*ACTION ITEM*.
Extract the line that contains "在平潭跨境电商园4号仓库,工作人员正在揽收保税电商订单包裹。江信恒 摄" and every line after it through the end of the records below, exactly as written, leaving out any pictures.

Data records:
....
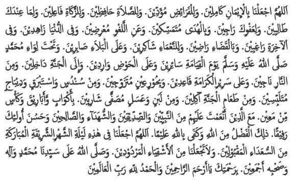اَللهُمَّ اجْعَلْنَا بِالْإِيْمَانِ كَامِلِيْنَ. وَلِلْفَرَائِضِ مُؤَدِّيْنَ. وَلِلصَّلاَةِ حَافِظِيْنَ. وَلِلزَّكَاةِ فَاعِلِيْنَ. وَلِمَا عِنْدَكَ طَالِبِيْنَ. وَلِعَفْوِكَ رَاجِيْنَ. وَبِالْهُدَى مُتَمَسِّكِيْنَ. وَعَنِ الَّلغْوِ مُعْرِضِيْنَ. وَفِى الدُّنْيَا زَاهِدِيْنَ. وَفِى اْلآخِرَةِ رَاغِبِيْنَ. وَبَالْقَضَاءِ رَاضِيْنَ. وَلِلنَّعْمَاءِ شَاكِرِيْنَ. وَعَلَى الْبَلاَءِ صَابِرِيْنَ. وَتَحْتَ لِوَاءِ مُحَمَّدٍ صَلَّى اللهُ عَلَيْهِ وَسَلَّمَ يَوْمَ الْقِيَامَةِ سَائِرِيْنَ وَعَلَى الْحَوْضِ وَارِدِيْنَ. وَإِلَى الْجَنَّةِ دَاخِلِيْنَ. وَمِنَ النَّارِ نَاجِيْنَ. وَعَلى سَرِيْرِالْكَرَامَةِ قَاعِدِيْنَ. وَبِحُوْرٍعِيْنٍ مُتَزَوِّجِيْنَ. وَمِنْ سُنْدُسٍ وَاِسْتَبْرَقٍ وَدِيْبَاجٍ مُتَلَبِّسِيْنَ. وَمِنْ طَعَامِ الْجَنَّةِ آكِلِيْنَ. وَمِنْ لَبَنٍ وَعَسَلٍ مُصَفًّى شَارِبِيْنَ. بِأَكْوَابٍ وَّأَبَارِيْقَ وَكَأْسٍ مِّنْ مَعِيْن. مَعَ الَّذِيْنَ أَنْعَمْتَ عَلَيْهِمْ مِنَ النَّبِيِّيْنَ وَالصِّدِّيْقِيْنَ وَالشُّهَدَآءِ وَالصَّالِحِيْنَ وَحَسُنَ أُولئِكَ رَفِيْقًا. ذلِكَ الْفَضْلُ مِنَ اللهِ وَكَفَى بِاللهِ عَلِيْمًا. اَللهُمَّ اجْعَلْنَا فِى هذِهِ اللَّيْلَةِ الشَّهْرِالشَّرِيْفَةِ الْمُبَارَكَةِ مِنَ السُّعَدَاءِ الْمَقْبُوْلِيْنَ. وَلاَتَجْعَلْنَا مِنَ اْلأَشْقِيَاءِ الْمَرْدُوْدِيْنَ. وَصَلَّى اللهُ عَلَى سَيِّدِنَا مُحَمَّدٍ وَآلِه وَصَحْبِه أَجْمَعِيْنَ. بِرَحْمَتِكَ يَاأَرْحَمَ الرَّاحِمِيْنَ وَالْحَمْدُ لِلّهِ رَبِّ الْعَالَمِيْنَ
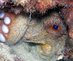 il piccolo polpo marginato (Octopus marginatus), noto anche come polpo dei cocchi, per la sua abitudine di trasformare i gusci di noce di cocco gettati in mare in comode tane;
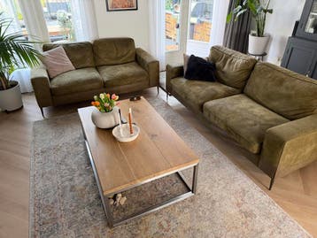 Deze prachtige 3 + 2 zitsbank in een stijlvolle groene kleur micro leer is zo goed als nieuw en biedt optimaal zitcomfort. Beschikbaar vanaf 18 mei de bank past perfect in een modern of klassiek inter
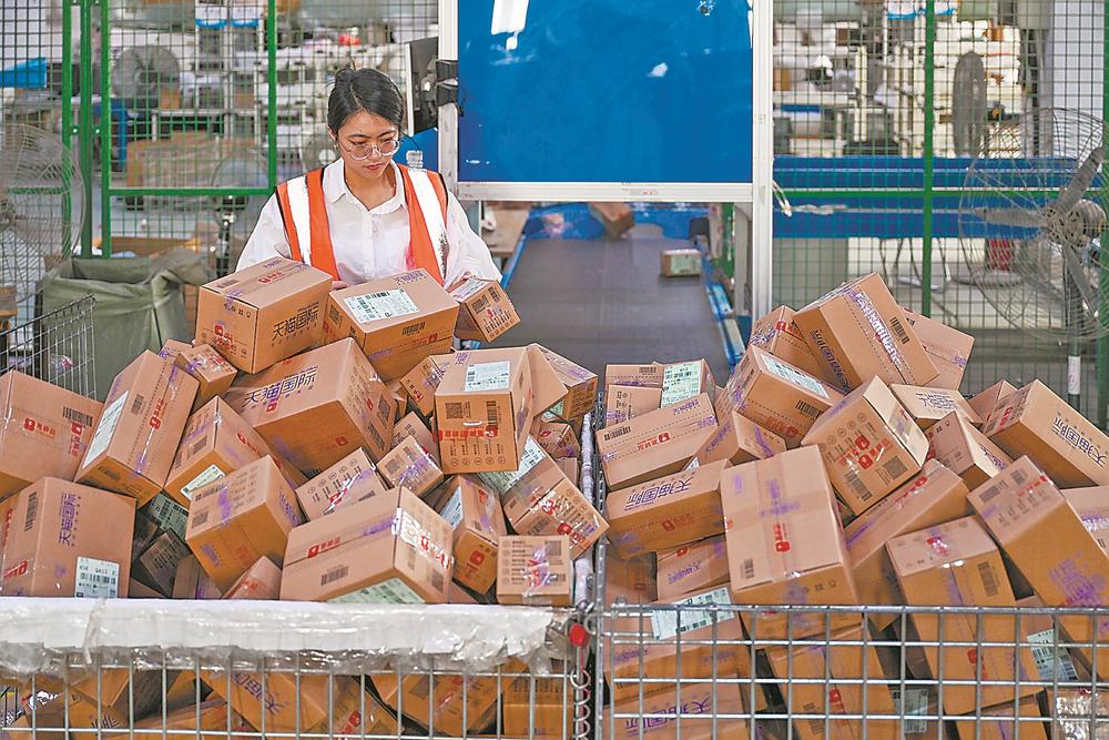 在平潭跨境电商园4号仓库,工作人员正在揽收保税电商订单包裹。江信恒 摄
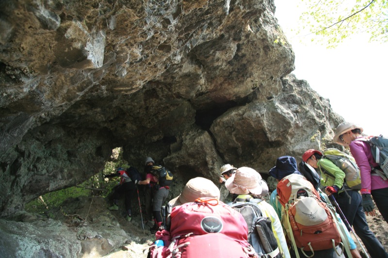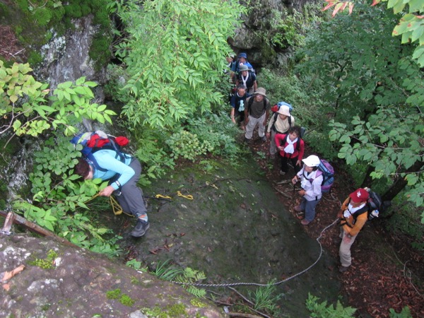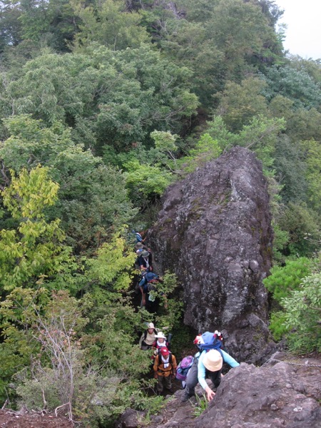 左側にあった岩の脇から、右手にあった岩への登りにかかります。通常の「先頭10分交代」で問題のない登りです。
....
*SOLUTION FOR THIS EXERCISE*.
 在平潭跨境电商园4号仓库,工作人员正在揽收保税电商订单包裹。江信恒 摄
 左側にあった岩の脇から、右手にあった岩への登りにかかります。通常の「先頭10分交代」で問題のない登りです。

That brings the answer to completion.